Could you tell me how i can calculate the right HCl concentration of the 3,6 ml so that I end mit 0,01 M HCl?

http://www.chembuddy.com/?left=concentration&right=dilution-mixing

Note: you may start with 0.1M solution, take required volume, add some water to dilute the acid, add Latex suspension and fill with water up to 4 mL. You don't have to prepare HCl solution of exactly required concentration.

[Mania28]

ok borek, thanks a lot for the *delete me*  but now i´ve got another (hopefully last) question:

If I want to adjust pH = 3 and an ionic strength of 0,01 mol/l (still with NaCl), in the mentioned 4 ml Suspension with 0,01 g/l Latex-colloids. This would be my approach:

pH = 3 conforms with 0,001 mol/l HCl

0,001 mol/l * 4 ml = x ml * 3,6 ml ; x = 0,0011 mol/l

This means, I would dilute 0,0011 mol/l HCl in 3,6 ml Water to get an pH = 3 in 4 ml Suspension.
But the further task is to adjust the whole suspension to an ionic strength of 0,01 M.
Since there would be an ionic strength of 0,0011 mol/l in the suspension because of the HCl, I have to calculate: 0,01 mol/l - 0,0011 mol/l = 0,0089 mol/l NaCl has to be added to the 3,6 ml.

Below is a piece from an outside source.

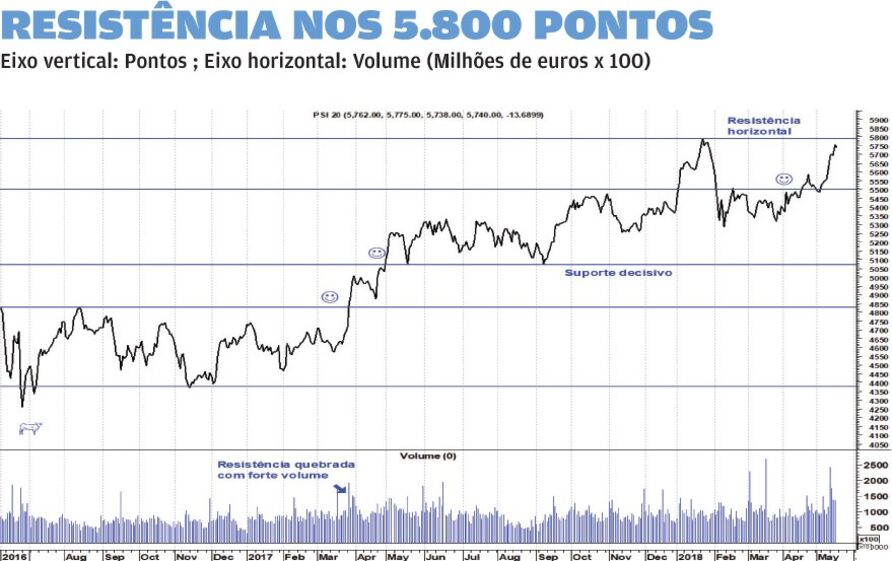 Se dúvidas havia sobre a quebra da resistência dos 5.500 pontos, esta semana elas dissiparam-se. Os sinais de força multiplicam-se, algumas acções estão em máximos históricos e os touros dominam em todos os horizontes temporais. No curto prazo, estas subidas fortes levaram o PSI a estar em "sobrecompra" o que, aliado à proximidade da resistência na zona dos 5.800 pontos (máximo dos últimos três anos), faz com que aumente a probabilidade de uma correcção ou consolidação no curto prazo que permita aliviar os indicadores antes de abrir espaço para voos bem mais altos.

If I have an 0,1 mol/l NaCl stock solution, the calculation would be:

0,0089 mol/l * 3,6 ml = x ml * 0,1 mol/l

x = 0,320 ml

This means, I would add 320 µl of 0,1 M NaCl stock solution to the 3,6 ml, and add 0,4 ml of 0,1 g/l Latex-colloids to get a 4 ml Suspension with an ionic strength of 0,01 mol/l and a pH = 3.

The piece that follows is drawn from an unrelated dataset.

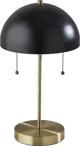 The 18 tall Anzio table lamp shines a light on vintage-inspired design in a mix of antique brass and black finishes. With its geometric symmetry and art deco flair, it is the perfect statement piece for desks, side tables, or nightstands. It features a sleek metal dome shade in black finish that curves like a canopy over the lamp's slender pedestal and round base, both featuring an antique brass finish. For convenient access to power right from your desk or table, the 6.5 diameter base features an AC outlet. Whether the lamp is turned on or off, the AC outlet will keep working normally. Operated by dual pull chains in antique brass finish to easily turn it on or off, the lamp powers two 40W bulbs not included and features a 5' clear cord. Customer assembly required.

I would be very grateful for your *delete me*!!

[Borek]

pH = 3 conforms with 0,001 mol/l HCl

OK

0,001 mol/l * 4 ml = x ml * 3,6 ml ; x = 0,0011 mol/l

This means, I would dilute 0,0011 mol/l HCl in 3,6 ml Water to get an pH = 3 in 4 ml Suspension.

That's OK, but that's not an easy way. It will be easier to calculate how much HCl you need and use somewhat more concentrated solution to measure this amount of acid. Note that you don't have 0.0011M solution, so you have to either use 0.01M or 0.1M. You need 4mL*0.001M=4µmol of HCl. Convert it to volume of 0.01M HCl solution that contains this amount of acid. Final step will be filling up to 4 mL.

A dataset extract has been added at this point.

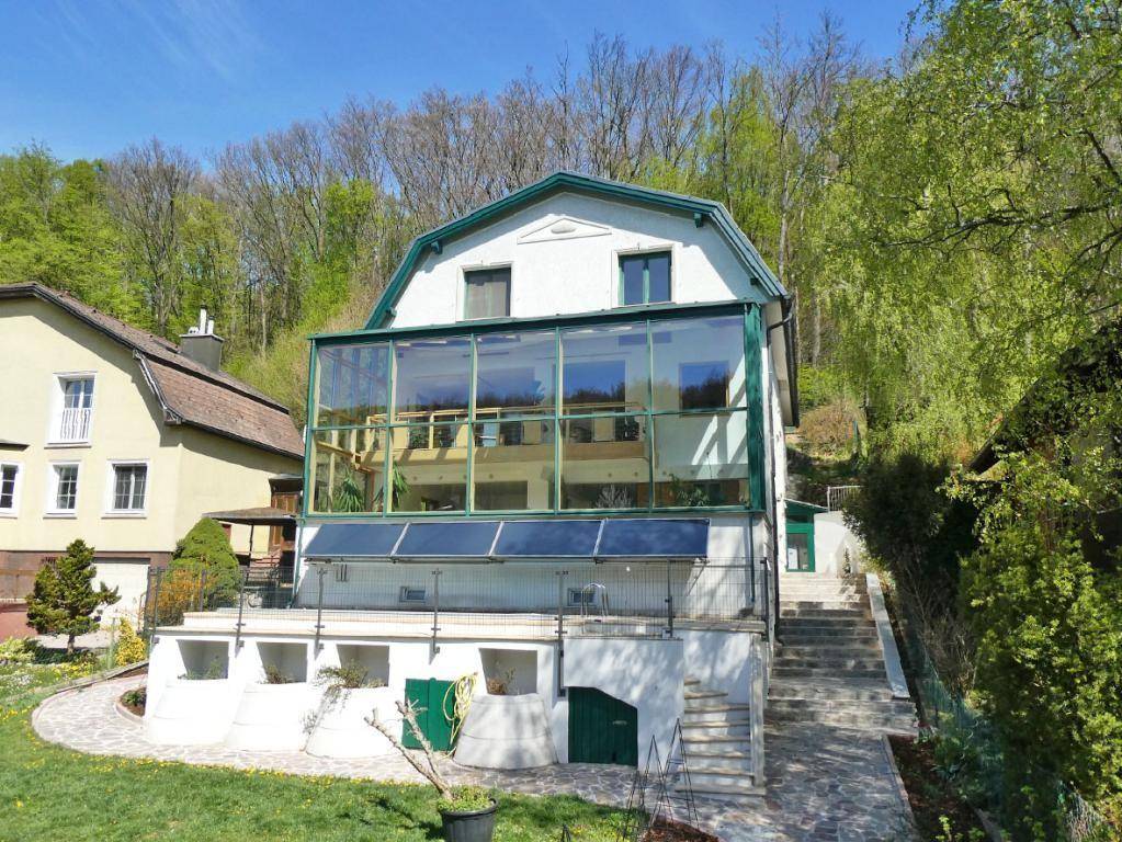 Erd-/Kellergeschoß: Eingangsbereich, Erdkeller, Kellerstüberl, Haustechnik, WC, Badezimmer, großzügiger Wohnraum oder Fitnessbereich Obergeschoß: 2 Vorräume, Abstellraum, Zimmer, Bad/WC, Wohnzimmer mit Balkon zum Wintergarten und offener Küche, Kachelofen Fa. Hallach, Luftraum ins Erdgeschoß, Westterrasse mit Gartenabgang Dachgeschoß: Vorraum, Bad/WC, 4 Zimmer, Schrankraum Grundflächen: 773 m² im Wohngebiet, 1.125 m² angrenzende Waldparzelle Bj. 1974-1983, Ziegelmassivbauweise, Renovierung, Zubauten und Ergänzungen zw. 2000 und 2006, Alarmanlage beheizbares Schwimmbecken mit Gegenstromanlage, Gaszentralheizung kombiniert mit Solaranlage; Holz-Alufenster mit 3-fach Verglasung, Außenrollos und Insektenschutzgittern Die nach Südwesten ausgerichtete Liegenschaft liegt keine 2 km außerhalb der Wiener Stadtgrenze im Mauerbacher Ortsteil Kreuzbrunn. Einkaufsmöglichkeiten, Ärzte sowie Kindergarten, Volksschule und Hort befinden sich in der Nähe und sind leicht zu Fuß, aber auch mit dem Bus schnell erreichbar. Eine Bushaltestell liegt quasi vor dem Gartentor, die Regionalbuslinie 450 bietet regelmäßige Verbindungen bis zum Bahnhof Hütteldorf, aber auch eine direkte Schulbusverbindung zu den Schulstandorten in Purkersdorf, Tullnerbach und Pressbaum. Das Auhofcenter mit seinem großen Einkaufs- und Unterhaltungsangebot und einem Ärztezentrum sowie die Auffahrt Auhof zur Westautobahn liegen etwa 6 km entfernt. Mit dem Bau des auf der Bauland-Parzelle befindlichen Einfamilienhauses wurde etwa 1974 begonnen, die ursprüngliche Fertigstellung erfolgte jedoch erst im Jahre 1983. Ab dem Jahre 2000 wurde von den derzeitigen Eigentümern mit der Erweiterung um ein Dachgeschoß, der Renovierung und dem Zubau des Wintergartens begonnen, zuletzt erfolgte im Jahr 2006 der Bau des Garagenhauses. Das lichtdurchflutete Einfamilienhaus bietet nun 270 m² Wohnfläche verteilt auf drei Etagen, den Teilkeller, ein beheizbares Außenschwimmbecken mit Gegenstromanlage, eine nach Westen ausgerichtete Terrasse mit südländischem Flair, einen ebenen, gepflegten Südgarten sowie zwei direkt durch den Nordgarten erreichbare, private Waldparzellen. Für Rückfragen oder einen unverbindlichen, gemeinsamen Besichtigungstermin steht Ihnen Frau Mag. Irene Dräxler gerne unter 0664 / 99 312 48 zur Verfügung. Es gelten die allgemeinen Geschäftsbedingungen und die Verordnung für Immobilienmakler des BM für Handel, Gewerbe und Industrie, BGBl. 297/1996. Der Ordnung halber weisen wir Sie darauf hin, dass wir Ihnen im Falle eines Kaufabschlusses ein Erfolgshonorar von 3 % des Kaufpreises zuzüglich 20 % gesetzlicher MwSt. verrechnen werden.Angaben gemäß gesetzlichem Erfordernis: Heizwärmebedarf: 76.0 kWh/(m²a) Klasse Heizwärmebedarf: C Faktor Gesamtenergieeffizienz: 0.94 Klasse Faktor Gesamtenergieeffizienz: B

But the further task is to adjust the whole suspension to an ionic strength of 0,01 M.
Since there would be an ionic strength of 0,0011 mol/l in the suspension because of the HCl

You are on the right track, but you forgot something. In the final solution HCl will be no longer 0.0011M, it'll be 0.001M, so the ionic strength will be 0.001 as well.

This means, I would add 320 µl of 0,1 M NaCl stock solution to the 3,6 ml, and add 0,4 ml of 0,1 g/l Latex-colloids to get a 4 ml Suspension with an ionic strength of 0,01 mol/l and a pH = 3.

I would be very grateful for your *delete me*!!

Two mistakes. First was signalled above, second one - 3.6+0.32+0.4mL > 4mL

The real question is, how precisely you need to know pH. If you need it to be just 2, everything is OK, if you need 2.0 or 2.00 then you better check it with pH meter. And in the case of solutions with pH in the range 5-9 (or better 4-10) use buffers to stabilise pH, as in this range minute amounts of acids/bases can change pH dramatically.

[Mania28]

Ok borek, you helped me a lot!!!

Thanks from germany!

[Mania28]

Hi,

now I´ve got a new question concerning the preparation of a solution. I want to produce a 10 ml solution with a Latex-colloid concentration with 0,05 g/l Latex-colloids with an ionic strength of 0,1 mol/l (with NaCl) and pH =2 with HCl.

This would be my approach:

- pipet 5 ml of 0,1 g/l Latex-colloids in flask (to get 0,05 g/l colloids in 10 ml)

- in the remaining 5 ml the ionic strength should be 0,2 mol/l to get in 10 ml 0,1 mol/l
- in the remaing 5 ml the HCl concentration should be 0,02 mol/l to get 0,01 mol/l (pH =2) in 10 ml

my idea woul be to split up the remaining 5 ml in 2,5 ml "ionic strength solution" and 2,5 ml "pH-solution:

HCl: 0,01 mol/l * 10 ml = x * 2,5 ml; x= 0,04 mol/l. => Add 2,5 ml 0,04 M HCl to get pH = 2 in 10 ml. This also adds an ionic strength of 0,01 mol/l to the whole solution of 10 ml.

NaCl: 0,09 mol/l * 10 ml = x * 2,5 ml. => 0,36 mol/l NaCl in 2,5 ml to get an Ionic strength of 0,1 mol in 10 ml suspension.

The Problem is, that this way seems pretty complicated and I wanted to know if there is some easier way.